(Saved data entries)
################
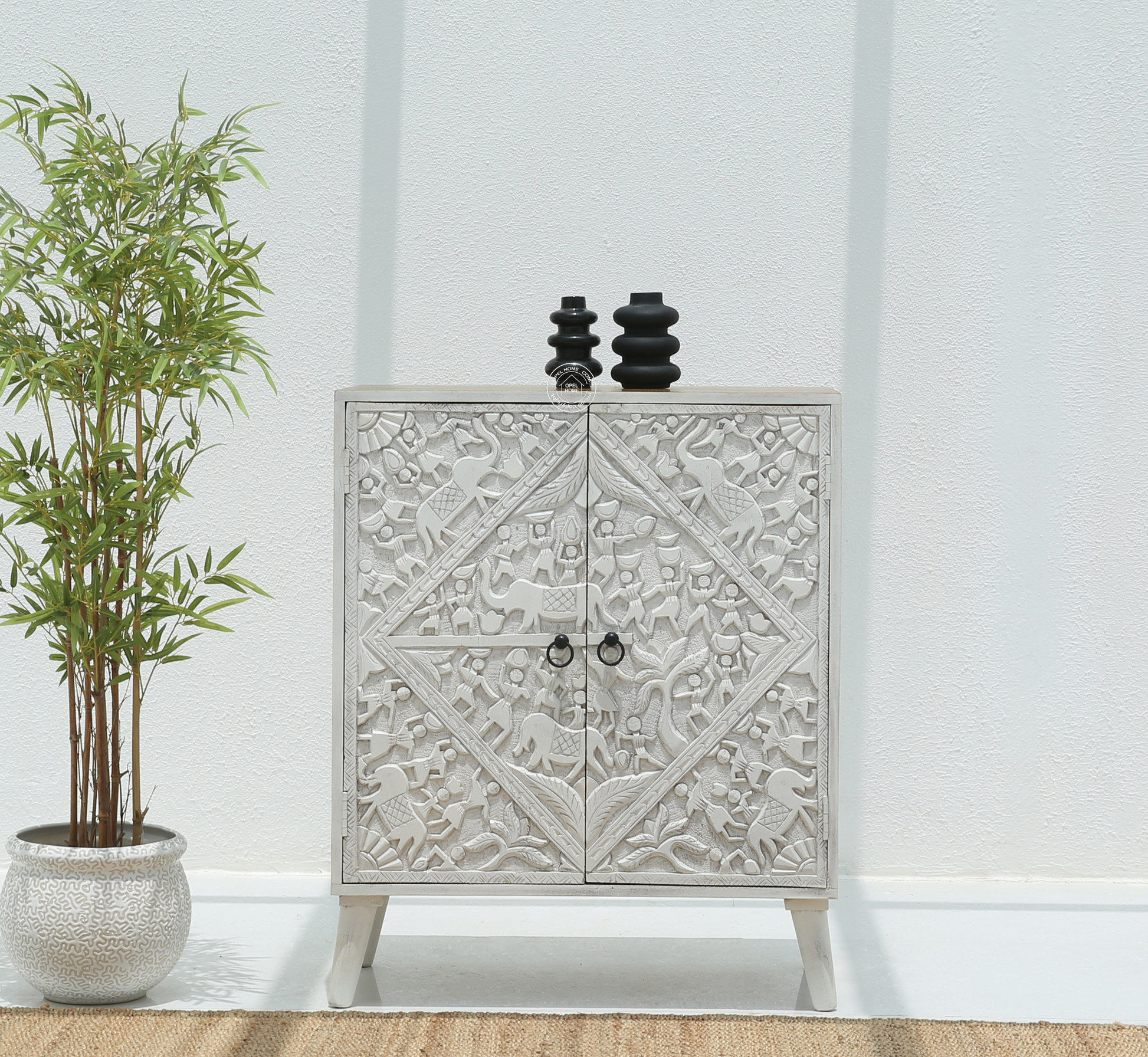 Caroa Two Door Wooden Sideboard & Buffet – Solid Mango Wood (White Finish)
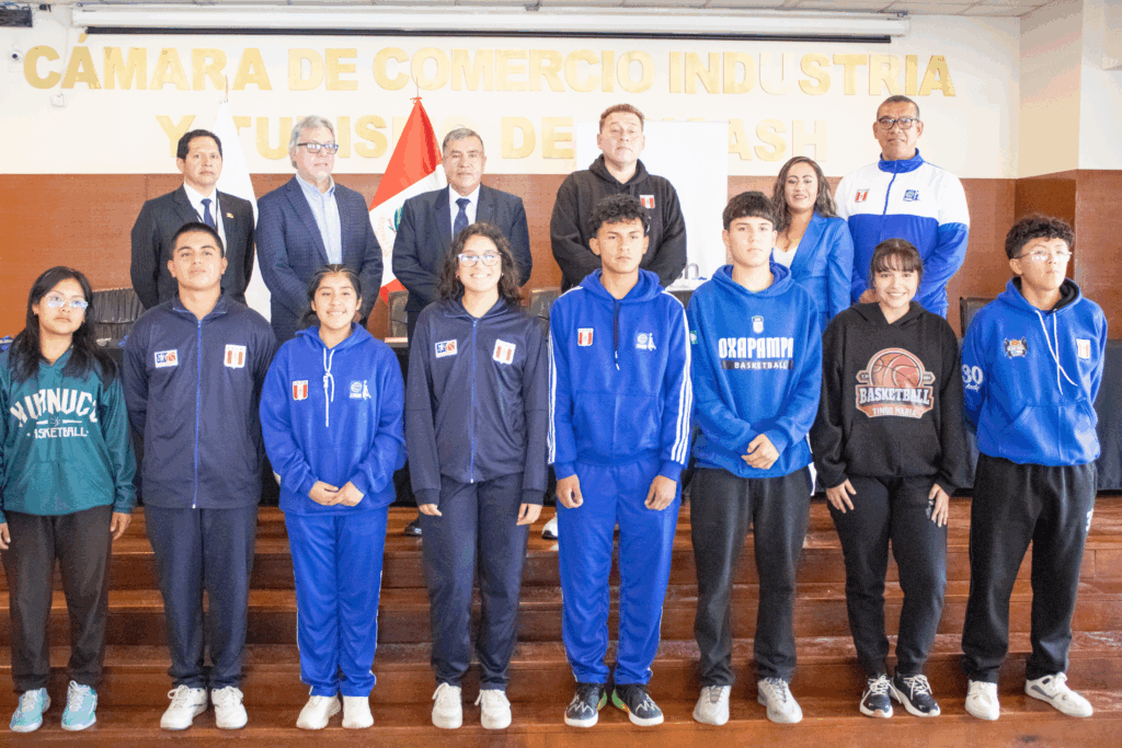 La Cámara de Comercio, Industria y Turismo de Áncash reafirma su compromiso con el desarrollo del deporte en nuestra región, apoyando la adquisición de buzos para la selección de Huaraz, que representará a nuestra ciudad en el Campeonato Nacional de Basketball U15, en las categorías femenino y masculino.
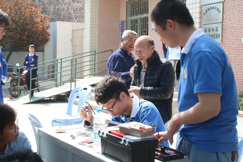 另一边,剩下的志愿者和维修队成员在门口布置现场,为活动中心修理损坏的电器,以实际行动展现机电学子的专业形象和服务精神。
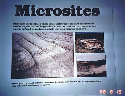 ■8/15・マイクロサイト マイクロサイトの説明パネル。 大きな骨格化石だけでなく、小さな化石も恐竜の生態や、古環境を復元するには大変重要である。 小さな脊椎動物の化石が密集したところをマイクロサイトと呼ぶ。 歯の化石や指の化石、魚の鱗などが多く発見できる。 |
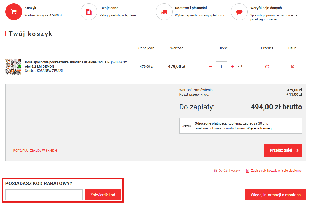 W podsumowaniu zamówienia znajdziesz pole na kod promocyjny. Wklej tam wcześniej skopiowany kupon i zatwierdź – cena automatycznie się obniży, jeśli kod jest nadal aktywny i spełniasz warunki promocji.
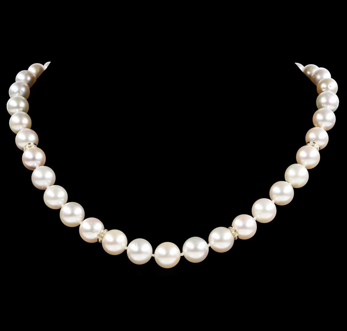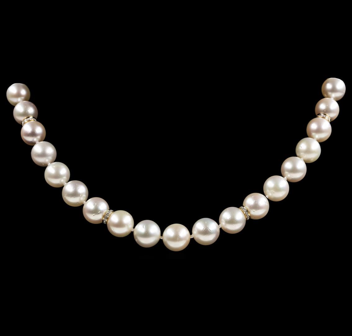 One graduated single strand pearl necklace 18.5' princess length, knotted with a ball clasp containing 39 south sea cultured pearls, 12.0mm to 8.9mm in size. The pearls are light cream in color with a very good luster, round to near round, and lightly blemished with very good matching. The featured pearl necklace has 14KT yellow gold clasp and rondels. Graded on the strand.South Sea cultured pearls are farmed in the oceans surrounding Australia, Indonesia, the Philippines and the southern coast of China. The main source of Australian South Sea pearls lies in the northwest on the Kimberly coast. South Sea cultured pearls are formed in the Pinctada Maxima oyster. These pearls take between two to three years to grow and have a unique nacre due to the fast moving and clean waters of the South Seas. Ten bezel set round brilliant cut diamonds, measuring 1.10 - 1.00 x 0.65mm (depth est.) approximate total weight of 10 Stones = 0.04ct. Graded in the setting. Color H - I Clarity VS-2 to SI-1 Cut Good Forty prong set single cut diamonds, measuring 1.10 - 1.00 x 0.65mm (depth est.) approximate total weight of 40 Stones = 0.18ct. Graded in the setting. Color G - H Clarity VS-2 to SI-1 Cut Good. Total Weight of Diamonds 0.22ct.. Total Weight of 71.80gm GAS Appraised at $27,030.00.
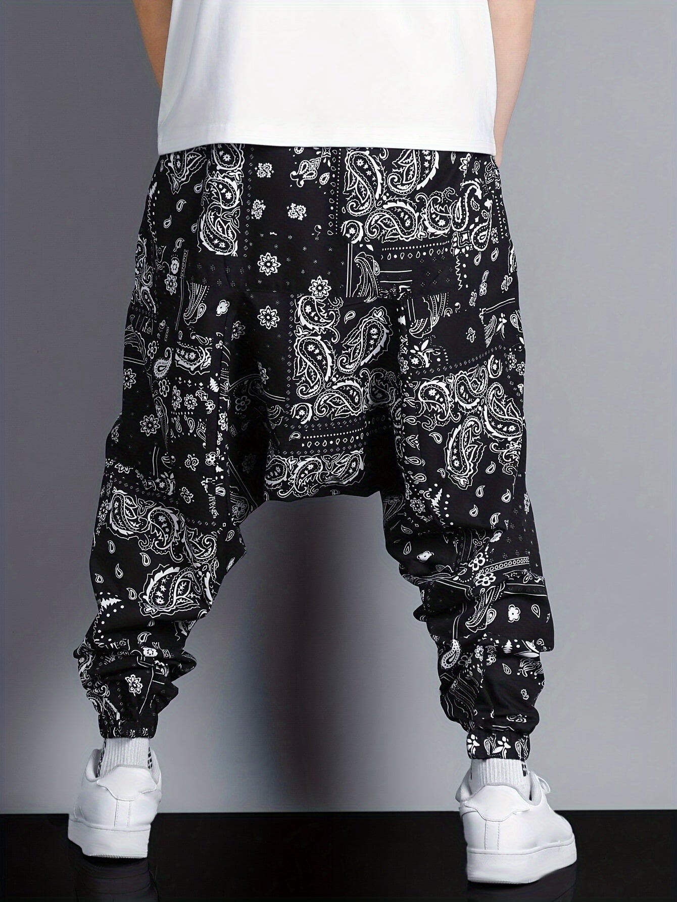Pantalones jogger oversize para hombre con estampado de patrón paisley en poliéster, ropa casual de calle
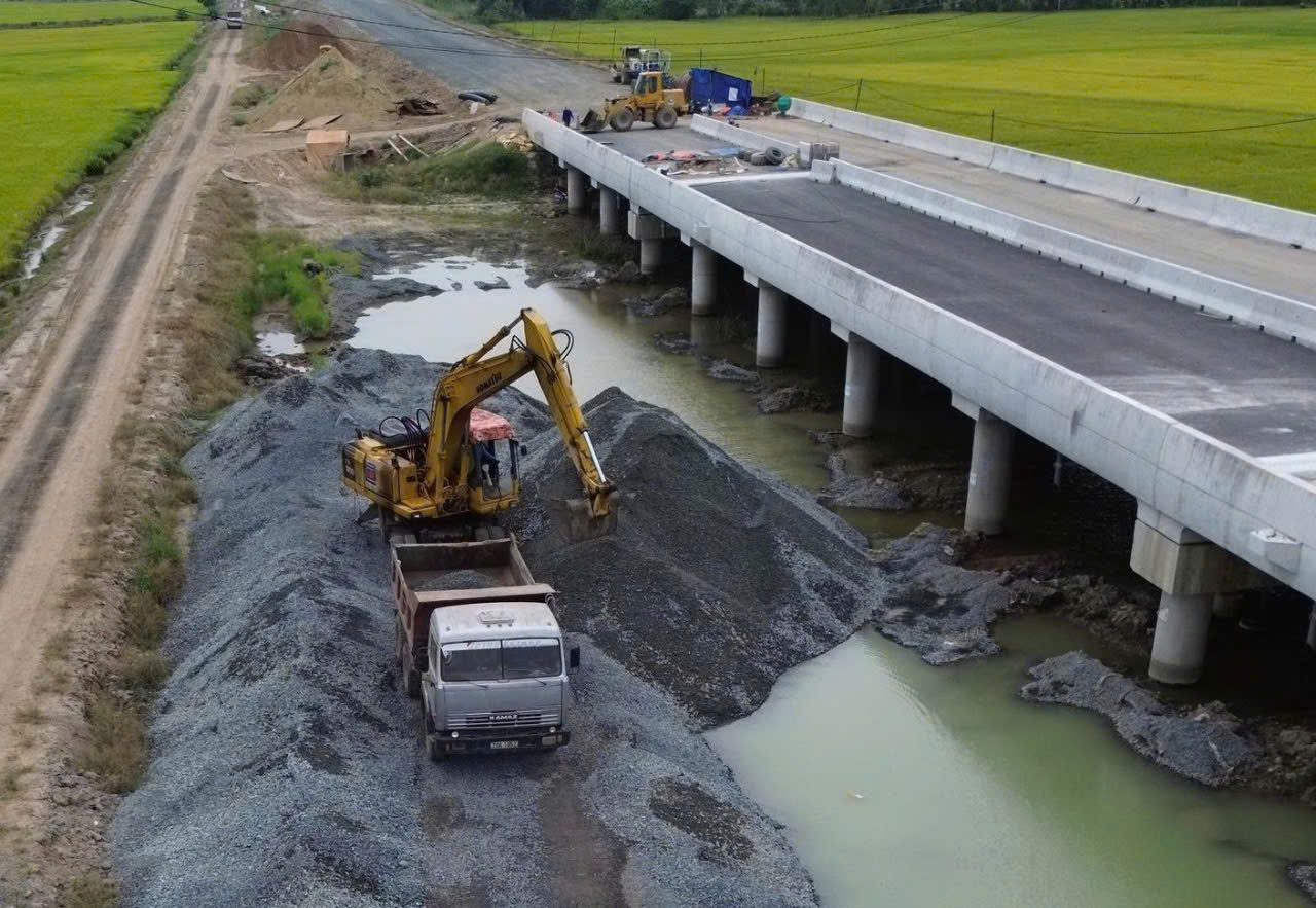 Cầu Hồ Đồng Tường gần nút giao ĐT850 đang được thảm nhựa bề mặt.
################
Beginning with the line above that has "La Cámara de" and going on through the line that has "W podsumowaniu zamówienia", retype every line exactly and add nothing else; drop the pictures.

# [PROBLEM SOLUTION]
 La Cámara de Comercio, Industria y Turismo de Áncash reafirma su compromiso con el desarrollo del deporte en nuestra región, apoyando la adquisición de buzos para la selección de Huaraz, que representará a nuestra ciudad en el Campeonato Nacional de Basketball U15, en las categorías femenino y masculino.
 另一边,剩下的志愿者和维修队成员在门口布置现场,为活动中心修理损坏的电器,以实际行动展现机电学子的专业形象和服务精神。
 ■8/15・マイクロサイト マイクロサイトの説明パネル。 大きな骨格化石だけでなく、小さな化石も恐竜の生態や、古環境を復元するには大変重要である。 小さな脊椎動物の化石が密集したところをマイクロサイトと呼ぶ。 歯の化石や指の化石、魚の鱗などが多く発見できる。 |
 W podsumowaniu zamówienia znajdziesz pole na kod promocyjny. Wklej tam wcześniej skopiowany kupon i zatwierdź – cena automatycznie się obniży, jeśli kod jest nadal aktywny i spełniasz warunki promocji.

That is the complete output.